> Task brief
Every line from the first one in the data below through the line holding "Encrusting sponge.Typically grey." is to be written out exactly, with the pictures omitted.

> Source material
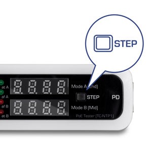 The convenient step button on the PoE cable tester allows users to cycle through voltage, amperage, and wattage readouts. It also allows users to lock the display to a specific readout (e.g. wattage) for real-time monitoring
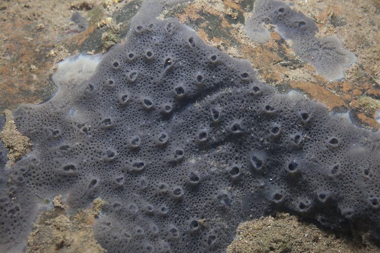 Encrusting sponge.Typically grey. Size can vary from small patches under a centimetre across to patches over 10 cm in diameter.
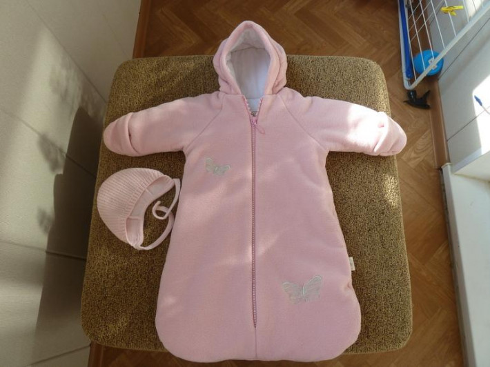Продам весенний/осенний конверт на выписку для девочки. После одного ребенка. Носили считанные разы. Подклад - х/б, скроен без швов по спинке. Толстенький слой синтепона. Шапочка в подарок.
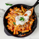 To store leftover Spicy Vodka Rigatoni with Burrata, keep it in an airtight container in the fridge for up to three days. When reheating, add a splash of cream or water to ensure it doesn’t dry out, and warm it gently on the stove over low heat while stirring occasionally.

> Answer for this exercise
 The convenient step button on the PoE cable tester allows users to cycle through voltage, amperage, and wattage readouts. It also allows users to lock the display to a specific readout (e.g. wattage) for real-time monitoring
 Encrusting sponge.Typically grey. Size can vary from small patches under a centimetre across to patches over 10 cm in diameter.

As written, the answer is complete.